■ **Assignment**
An exact copy of all the data is required, with pictures left out.

Dataset entries
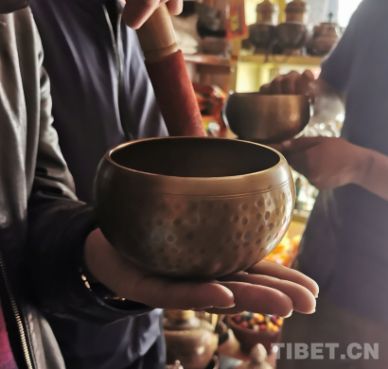 一位店主告訴我,sing bowl在印度和尼泊爾都有,但印度的一般稍大些,尼泊爾的稍小些。我仔細對比了店中的兩種碗,確實如此。同時,有些碗內(nèi)部有紋飾,外部也有相應簡易圖形的點綴,比如圓形斑點,但有些碗的內(nèi)壁和外壁無任何紋飾。一般有紋飾的價格要稍高一些,價格從200元至350元不等。但分辨sing bowl質(zhì)量最重要的是看其“唱歌”的音質(zhì)與在手上產(chǎn)生震動的幅度,一般以音質(zhì)低沉雄厚為佳,以震動引發(fā)全身共鳴的程度高為好。但我們的現(xiàn)場演示表明,個人使用的技巧也很重要。
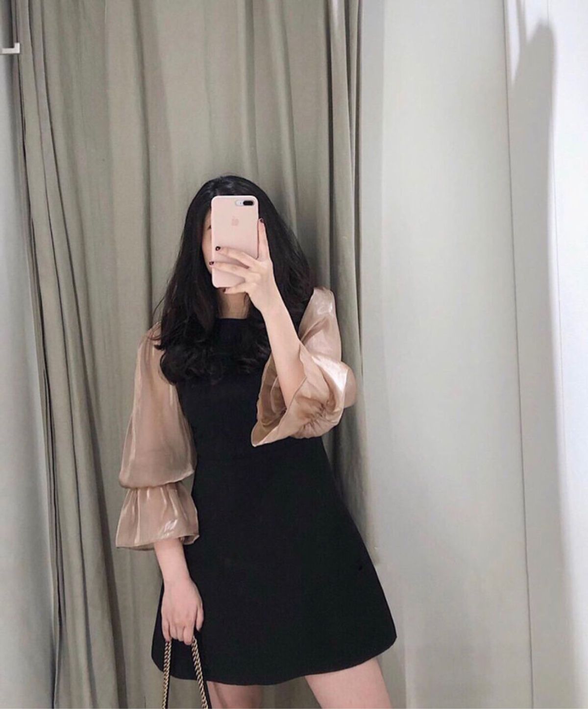 Đầm đen tay phối nude giá sỉ/bán buôn
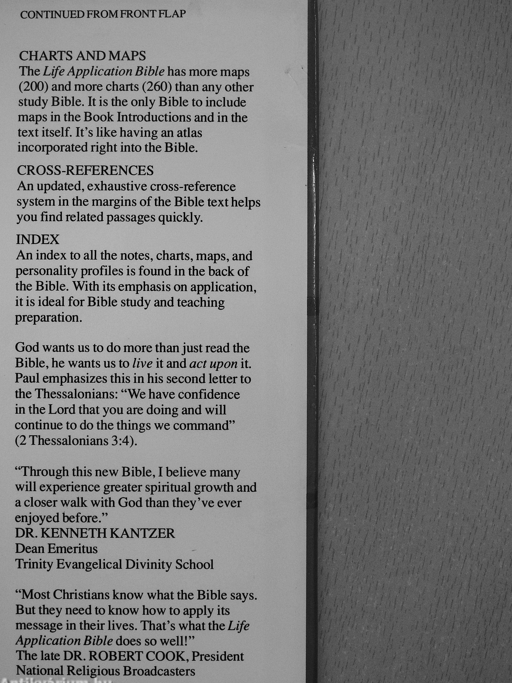 "Most Christians know what the Bible says. But they need to know how to apply its message in their lives. That's what the Life Application Bible does so well!" The late DR. ROBERT COOK, President National Religious Broadcasters
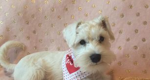 Finnigan is a male Miniature Schnauzer. Carefully selected as a great representative of his breed, Kathy decided to make him part of their program. Kathy has passed Good Dog’s screening process, which involved a review of their breeding practices, environment, and the mental and physical health of their dogs.
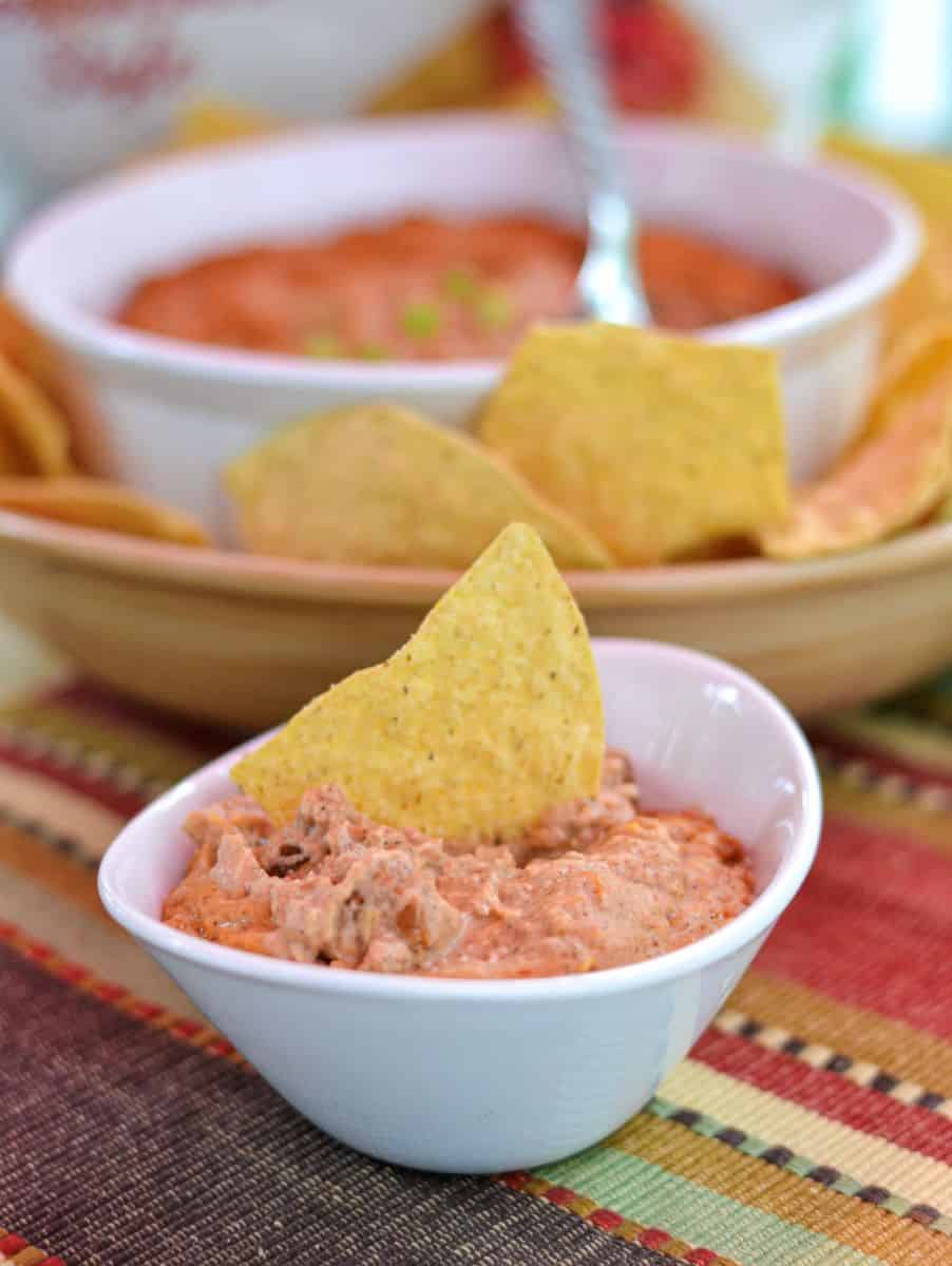 First thing I’ll say – you have to be a refried bean lover to enjoy this dip.
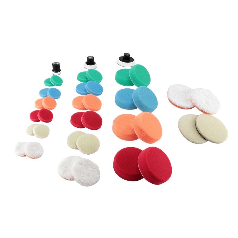 • 36x Assorted Buffing Pads: 1″, 2″, 3″ and a mixture of foam, wool and microfiber.
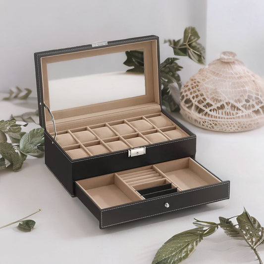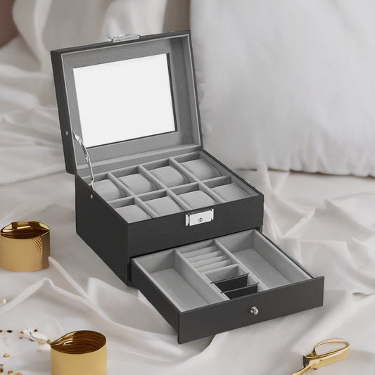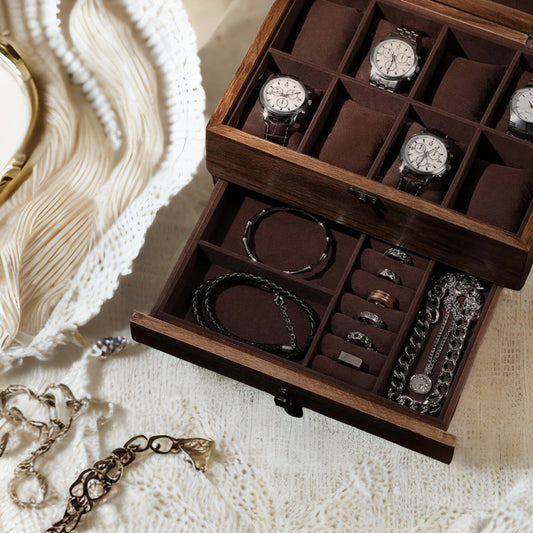 8 Slot Wooden Watch Lockable Box Rustic Walnut
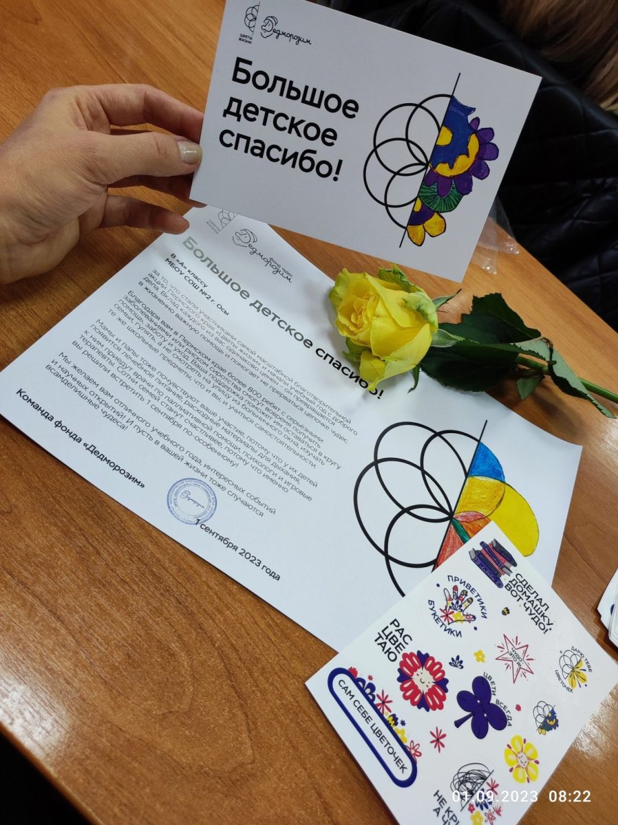 Уже шестой год школьники вместе со своими родителями и педагогами совершают совместное чудо 1 сентября. Вместо большого количества цветов ребята дарят общий букет учителю, а сэкономленные средства отправляют на благотворительность — в поддержку подопечных «Дедморозим». Мы передаём большое спасибо всем, кто принял участие в акции — вы помогаете случаться чудесам тогда, когда они нужны больше всего.
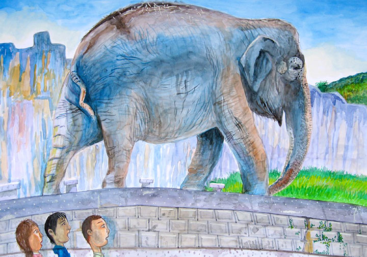 佐世保市亜熱帯動物園の花子を見て、大きいなと思った。この絵は実際の花子より大きく描いた。ぼくは小さいころ、姫路動物園のゾウの花子を後ろから見て、お尻をタテ長の画用紙いっぱいに描いたことがある。大きなゾウのお尻だけを描いた絵を見てセンセイは首をかしげるばかり。
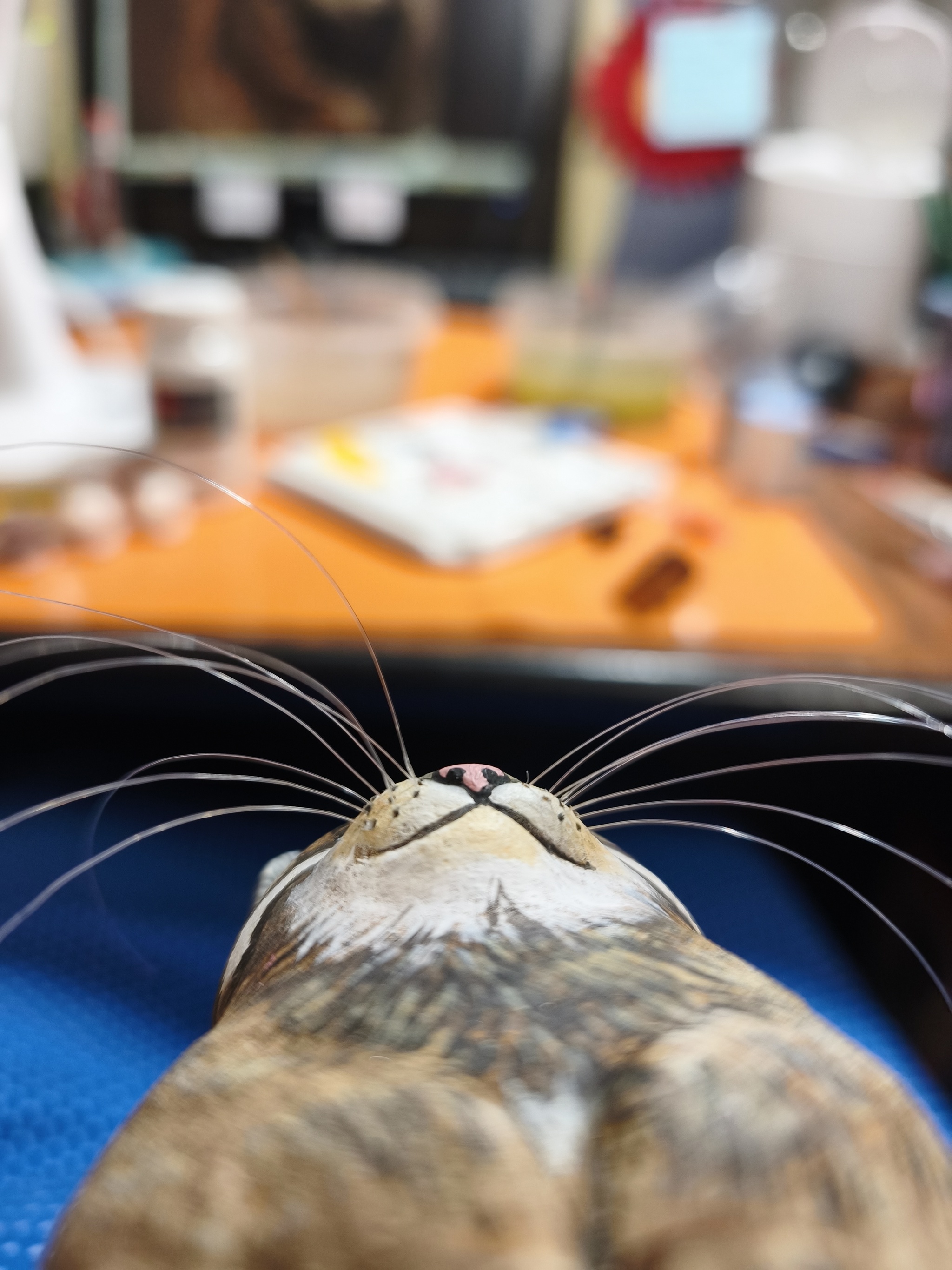 Чуток упростила себе работу, потому что делать это все "единичной" кисточкой - многие часы, я делала веерной кистью по всей тушке. А вот с мордахой номер не прошел, пришлось пыхтеть обычной, периодически глядя на исходник. Я уже не тот орел, что раньше, намучилась в таком масштабе ровные линии выводить, да и кисти уже хреноватые. Но таки я опять добилась.
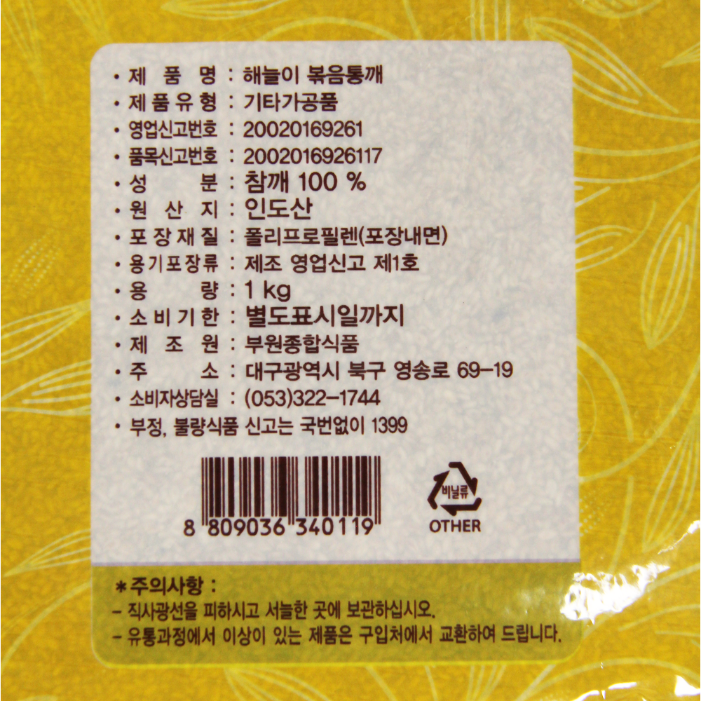 | 제품명 | 해늘이) 볶음통깨 1kg (외국산)/부원종합식품 |
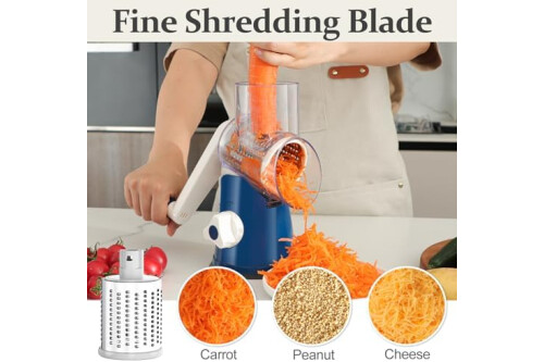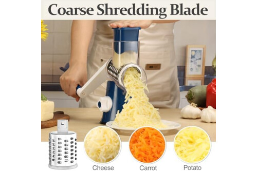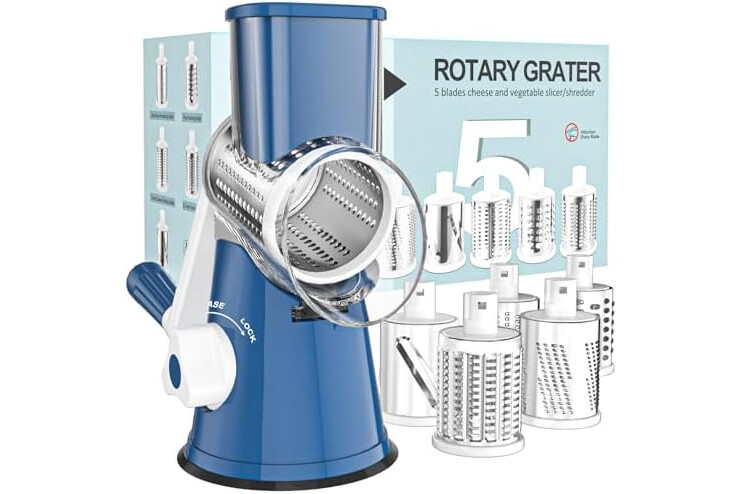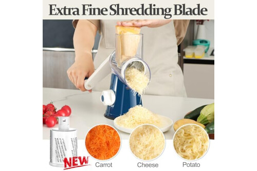 Cambom Rotary Cheese Grater Hand Crank Cheese Shredder for Fresh Cheese, Vegetable, Nuts, Non-slip Suction Base,Five Blades, Deep Blue

■ **Exercise output**
 一位店主告訴我,sing bowl在印度和尼泊爾都有,但印度的一般稍大些,尼泊爾的稍小些。我仔細對比了店中的兩種碗,確實如此。同時,有些碗內(nèi)部有紋飾,外部也有相應簡易圖形的點綴,比如圓形斑點,但有些碗的內(nèi)壁和外壁無任何紋飾。一般有紋飾的價格要稍高一些,價格從200元至350元不等。但分辨sing bowl質(zhì)量最重要的是看其“唱歌”的音質(zhì)與在手上產(chǎn)生震動的幅度,一般以音質(zhì)低沉雄厚為佳,以震動引發(fā)全身共鳴的程度高為好。但我們的現(xiàn)場演示表明,個人使用的技巧也很重要。
 Đầm đen tay phối nude giá sỉ/bán buôn
 "Most Christians know what the Bible says. But they need to know how to apply its message in their lives. That's what the Life Application Bible does so well!" The late DR. ROBERT COOK, President National Religious Broadcasters
 Finnigan is a male Miniature Schnauzer. Carefully selected as a great representative of his breed, Kathy decided to make him part of their program. Kathy has passed Good Dog’s screening process, which involved a review of their breeding practices, environment, and the mental and physical health of their dogs.
 First thing I’ll say – you have to be a refried bean lover to enjoy this dip.
 • 36x Assorted Buffing Pads: 1″, 2″, 3″ and a mixture of foam, wool and microfiber.
 8 Slot Wooden Watch Lockable Box Rustic Walnut
 Уже шестой год школьники вместе со своими родителями и педагогами совершают совместное чудо 1 сентября. Вместо большого количества цветов ребята дарят общий букет учителю, а сэкономленные средства отправляют на благотворительность — в поддержку подопечных «Дедморозим». Мы передаём большое спасибо всем, кто принял участие в акции — вы помогаете случаться чудесам тогда, когда они нужны больше всего.
 佐世保市亜熱帯動物園の花子を見て、大きいなと思った。この絵は実際の花子より大きく描いた。ぼくは小さいころ、姫路動物園のゾウの花子を後ろから見て、お尻をタテ長の画用紙いっぱいに描いたことがある。大きなゾウのお尻だけを描いた絵を見てセンセイは首をかしげるばかり。
 Чуток упростила себе работу, потому что делать это все "единичной" кисточкой - многие часы, я делала веерной кистью по всей тушке. А вот с мордахой номер не прошел, пришлось пыхтеть обычной, периодически глядя на исходник. Я уже не тот орел, что раньше, намучилась в таком масштабе ровные линии выводить, да и кисти уже хреноватые. Но таки я опять добилась.
 | 제품명 | 해늘이) 볶음통깨 1kg (외국산)/부원종합식품 |
 Cambom Rotary Cheese Grater Hand Crank Cheese Shredder for Fresh Cheese, Vegetable, Nuts, Non-slip Suction Base,Five Blades, Deep Blue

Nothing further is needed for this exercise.